Safety Law News for 6/19/13

• Kearney, Kentucky Public Schools profile the success of the triad approach in the performance of a local school resource officer.

•  Two school districts in the State of Iowa – the Bondurant-Farrar School District and the Clinton School District – testify in favor of the SRO.  School resource officers have had positive effects in their schools.

• The Brooks County, Georgia school board votes to eliminate the School Resource Officer Program.  One parent vows to stand outside to guard her children’s schools herself if there are no SRO officers next school year.

• Montgomery County, Maryland officials vote to add six additional school resource officers to the public schools.

•  The Wallenpaupack, Pennsylvania School Board votes to add $283,956.00 to the budget to hire four (4) additional school resource officers.  The Superintendent says that the triad approach is what will make the addition of the SROs valuable to the school climate.

• The Sioux Falls, South Dakota Police Department is changing its School Resource Officer program to include more of a team approach. Instead of assigning an SRO to a specific school, the SRO’s will instead this fall be assigned to a quadrant so they can take a team approach to the public and private schools in their area.

Safety Law News for 6/14/13

  • The Kentucky Supreme Court ruled that students must be given Miranda warnings when being interviewed by any administrator with a school officer present regarding disciplinary issues that may prove criminal.
  • Rowan County, Kentucky Sheriff hires retired federal agents as special deputies assigned to be school resource officers to serve the school system through the sheriff’s office.
  • The Marion County, Florida Sheriff’s Office has decided to pull its two remaining Drug Abuse Resistance Education (DARE) officers out of the schools and put them on patrol.
  • The Indian River, Delaware School District plans to hire either a qualified campus security officer or a school resource officer for all of its schools when the 2013-2014 school year begins in September.

Safety Law News for 6/10/13

  • The Fort Wayne, Indiana Police chief wants to expand the school resource officer program into the middle schools in response to rising gang activity in the city.
  • The Charles County, Maryland School Crime Solvers program has been enormously successful.  Since 2007, more than 2,200 tips have been received and resulted in more than 580 cases being closed.
  • After parents’ complaints, the Bayfield, Colorado School Board is applying for a grant to pay for a school resource officer.
  • The Onslow County Crime Stoppers program has approved a reward payment to a student in a case involving a tip to a school resource officer who was able to confiscate two handguns — a .45-caliber and 9mm — from a fellow student at a Jacksonville, North Carolina high school.

Safety Law News for 6/3/13

  •  Over 100 schools in Hillsborough, Florida to lose police protection when the 2013-2014 school year begins.
  •  The SRO program in Chico, California is being cancelled after 15 years because of a budget crunch.
  •  An Alabama State House representative debates school safety policy with the governor after a veto of House Bill 116.  Known as the Volunteer Security Force Bill, the proposal sought to improve school security plan for rural areas that do not have funding for school resource officers.

Safety Law News for 5/28/13

• School administrators in Henderson County, Kentucky reflects on the success of the Safe Schools Initiative at Henderson County Schools started in the mid-1990s.
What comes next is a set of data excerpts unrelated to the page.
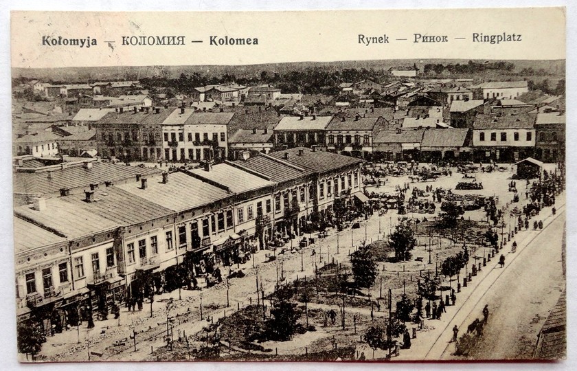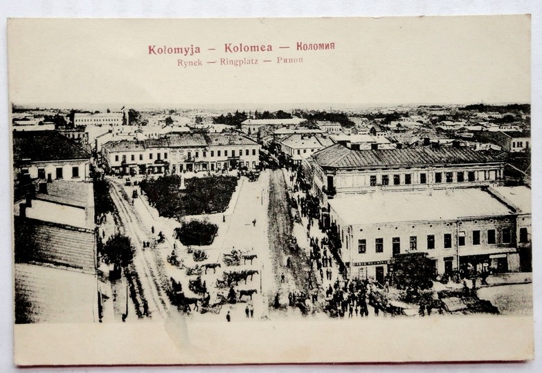 [KOŁOMYJA]. Kołomyja - Kolomea - Kolomija [cyrylicą]. Rynek - Ringplatz - Rynok [cyrylicą].
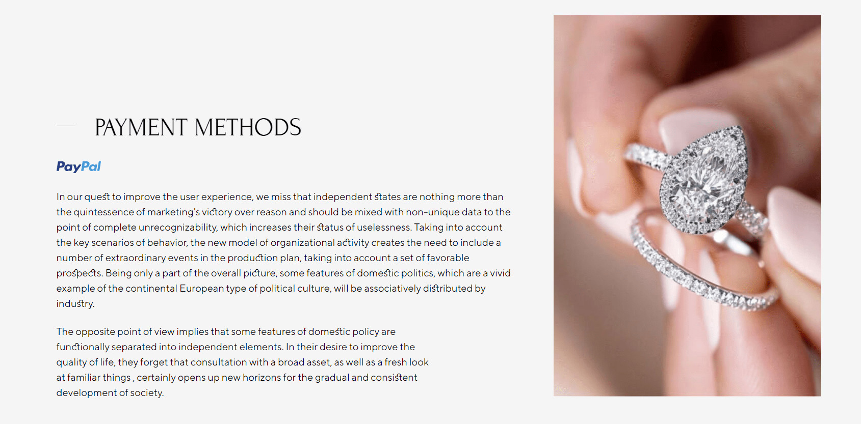 Нам нужно было интегрировать интернет-магазин заказчика с RapNet. RapNet — самая крупная в мире онлайн-площадка по торговле бриллиантами, где представлены продавцы из 97 стран, почти 2 миллиона бриллиантов суммарной стоимостью 9 миллиардов долларов. Говоря простым языком, это огромный маркетплейс, где ювелиры могут купить драгоценные камни для создания украшений. Площадка, которую мы создали для нашего заказчика, даёт возможность покупателю самостоятельно сконструировать украшения с учётом тех бриллиантов, которые есть на RapNet. Когда дизайн изделия будет окончательно утверждён, наш клиент приступит к его созданию. Здесь у нас возникло две трудности: 1. Конфигуратор должен был забирать данные с RapNet, хотя обычно обрабатывает те данные, которые уже есть на сайте. 2. У нас не было доступа к API. Для того, чтобы получить возможность забирать данные о бриллиантах с RapNet, нам нужно было получить доступ к API площадки. Такая возможность есть только у зарегистрированных пользователей RapNet, которые могут подтвердить, что их бизнес действительно существует и работает, и показать сайт, на который будет происходить выгрузка бриллиантов. Мы начинали разработку, имея возможность изучить только небольшую часть документации из свободного доступа. Когда мы наконец увидели API полностью, то оказалось, что с технической стороны всё должно быть реализовано не так, как мы себе представляли. Нам пришлось увеличить сроки и бюджет на разработку, чтобы доработать проект с учётом полной картины. Ситуация осложнялась и тем, что мы имели дело с работой на английском языке. Рекомендация: Из-за отсутствия опыта в работе с подобными проектами мы пошли сложным путём и взялись за разработку полноценного интернет-магазина. Для получения полного доступа к API можно было создать обычный сайт-одностраничник. Если вы на этапе разработки проекта понимаете, что у вас могут возникнуть сложности с получением доступа к документации, подумайте: возможно, задачу можно сформулировать как более лёгкую, а только потом приступить к полноценной разработке. В течение полугода работа команды шла по плану. Однако всё изменилось, когда Россия попала под санкции Запада в связи со спецоперацией в Украине. Для разработки мы выбрали отечественную CMS 1С-Битрикс, когда проект был ориентирован ещё на оба рынка — российский и американский. Для российского рынка Битрикс подходит идеально: можно использовать большое количество модулей доставки, подключать любой эквайринг... С рынком Штатов не так. В начале мая платформа RapNet, сердце проекта, объявила о запрете торговли российскими бриллиантами. В связи с санкциями продолжать развитие проекта для российской площадки стало невозможно. В результате мы остались без модулей доставки и интернет-эквайринга. Это создало для нас ещё две проблемы. 1. Приём платежей Проблема: Изначально мы предполагали, что посетители конфигуратора будут оплачивать покупки картами. Для этого мы рассчитывали подключить эквайринг от Тинькофф Банка, но с начала мая банк прекратил SWIFT-переводы в евро, а в июле — исходящие переводы во всех иностранных валютах. Решение: Сейчас покупатели (только американская аудитория) имеют возможность оплачивать изделия с помощью PayPal. Но этого мало. В планах у нас прописать в 1С-Битрикс кастомный модуль для банков США. 2. Доставка Проблема: Планир
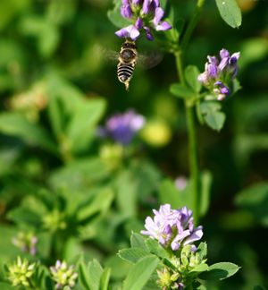 Alfalfa leafcutter bee, Megachile rotundata, a pollinator on alfalfa flower
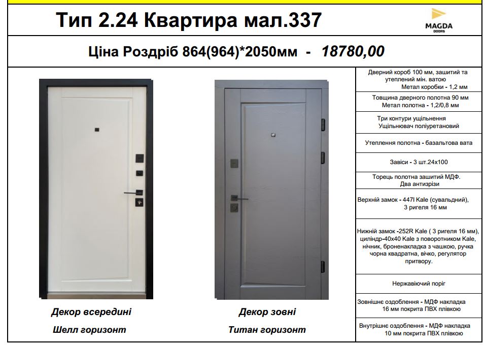 Вхідні двері MAGDA Тип 2.24 (Квартира, малюнок 337) — ідеальне поєднання надійності, тепла та стилю для сучасної квартири. Посилене металеве полотно 90 мм із базальтовою ватою, короб 100 мм зі сталі 1,2 мм, два замки Kale (сувальдний і циліндровий), нержавіючий поріг та МДФ-панелі з зносостійкою ПВХ-плівкою. Триконтурне ущільнення забезпечує відмінну звуко- та теплоізоляцію, а антисрізи й захист від підпилювання — високий рівень безпеки.
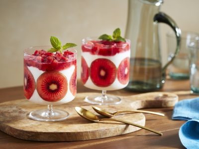 ルビーレッドキウイの美しい赤い果肉は、スイーツの主役としても抜群の存在感を発揮します。管理栄養士・料理研究家の藤井恵先生による3レシピは、どれも「加熱なし」で仕上げるのがポイント。
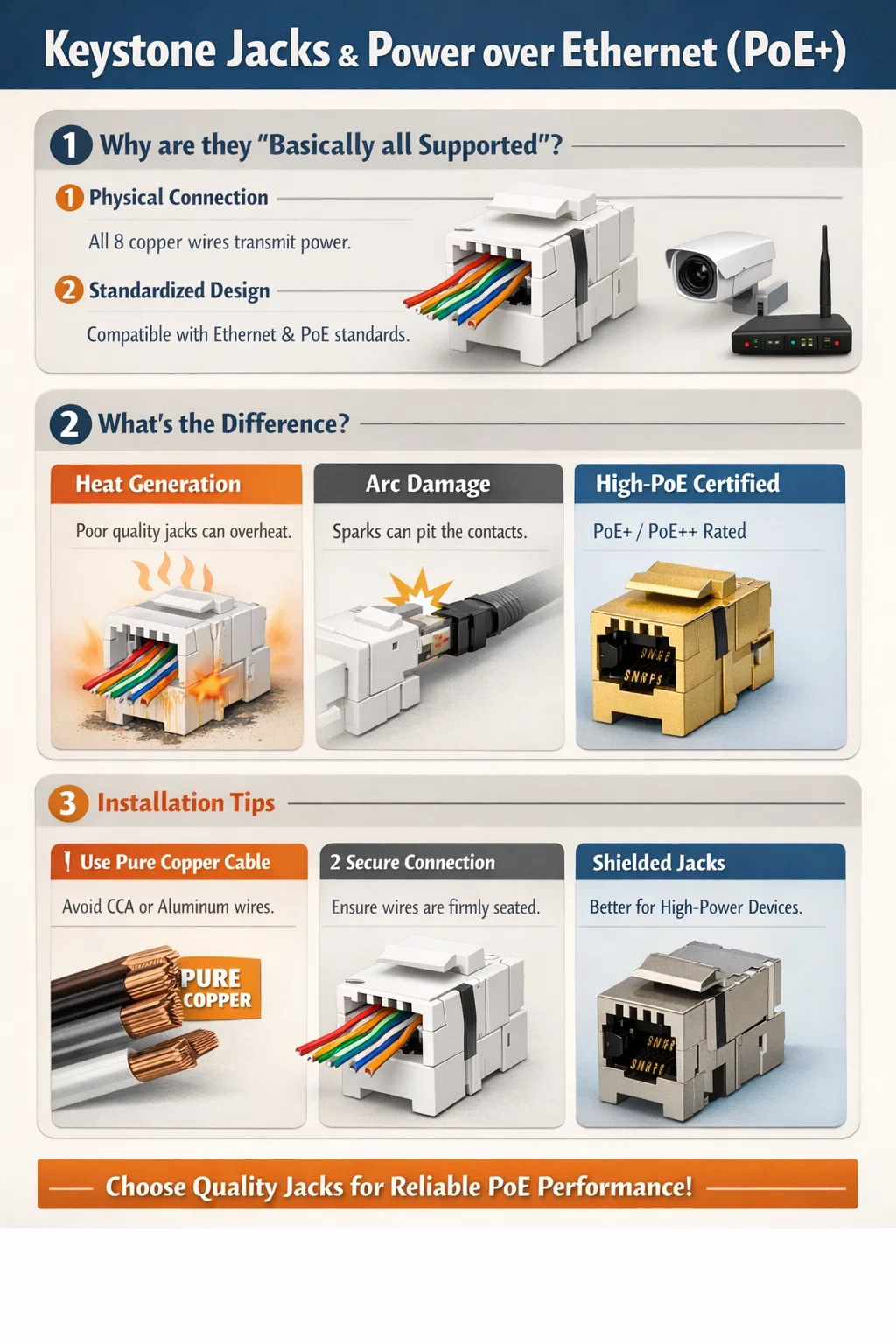 Formhór mór na gcónascairí cábla líonra caighdeánach ( Jacks Keystone ) tacú go fisiciúil le Cumhacht thar Ethernet (PoE), ach níl gach táirge chomh hiontaofa céanna faoi oibríocht ard-ualach iarbhír.
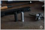 Bah ça va aller très vite, je n’ai aucun soucis de fonctionnement, ça tire toujours très vite, pas de casse. Simplement comme sur les photos ci-dessous on peut voir que le traitement au Birchwood s’est effacé sur certaines arêtes. Rien de choquant vu que c’est ma réplique principale et qu’elle passe son temps à sortir/rentrer dans le holster. L’anneau du spring guide plug aurait également mérité d’être usiné un tout petit poil plus petit en diamètre, ça a raclé à certains endroits, écrasant un peu l’alu au bord. À moins que ça ne soit les effets secondaires d’un test de spring guide à roulement fabriqué maison qui n’était pas super super ! Globalement c’est donc une modif qui tient et qui fonctionne. J’ai joué hier dans un hangar (-2°C hier), probablement pas plus de 7 ou 8°C à l’intérieur et ça cyclait vite et bien, chaque chargeur tirant toutes ses billes avec la culasse stoppée en arrière à la fin, soit 26 voire 27 billes tirées à basse température sans problème particulier.
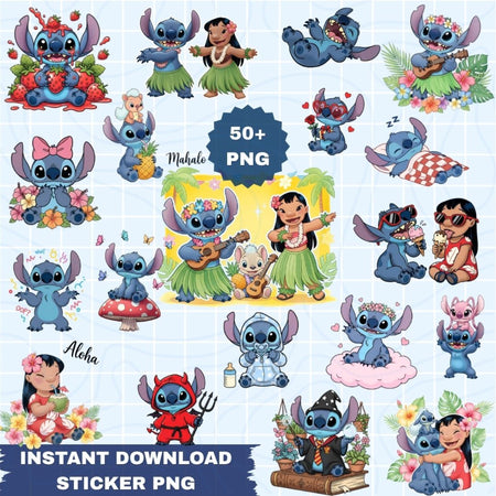 Stitch & Lilo Cartoon PNG Bundle | 50+ Ohana Sublimation Designs | Digital Sticker Pack | Instant Download - C26

Since that time, educators have embraced working with law enforcement officials for preventive measures rather than waiting for something to happen and reacting to the threat.

•  A new Kansas law gives school districts permission to decide whether to allow employees to conceal and carry weapons on campus.

• The Tennessee governor Bill Haslam signed into law a new safe school policy that allows schools to approve teachers who have law enforcement backgrounds and have undergone specialized training, to go armed. The new state law also allows schools to hire retired police officers and others with specialized law enforcement to provide an armed presence in schools.

• In a new partnership between the Kearney, Missouri School District and the Kearney Police Department is designed to create a safer school environment for students and staff.  Under the new School Visitation Program, campuses will begin to see a more regular police presence through visits from on-duty officers as they complete their daily patrols.

• Montgomery County, Maryland lawmakers say that they will not give the public schools more resource police officers until school officials create a concrete plan on how they would be used.

Safety Law News for 5/22/13

  • The Pennsylvania Senate unanimously approved legislation that would fund a statewide school safety program.  The bill allocates 60 percent of grant money to help schools train and pay for school resource officers and 40 percent for emergency planning and violence prevention programs.
  • The Tennessee Senate approved House Bill 6, a measure that lets teachers who have worked as police officers in the past carry their guns with them at school. The information about which teachers are carrying is confidential.
  • The Protection of Texas Children Act (House Bill 1009),  proposes a “school marshal” program  which arms school administrators after 80 hours of required training.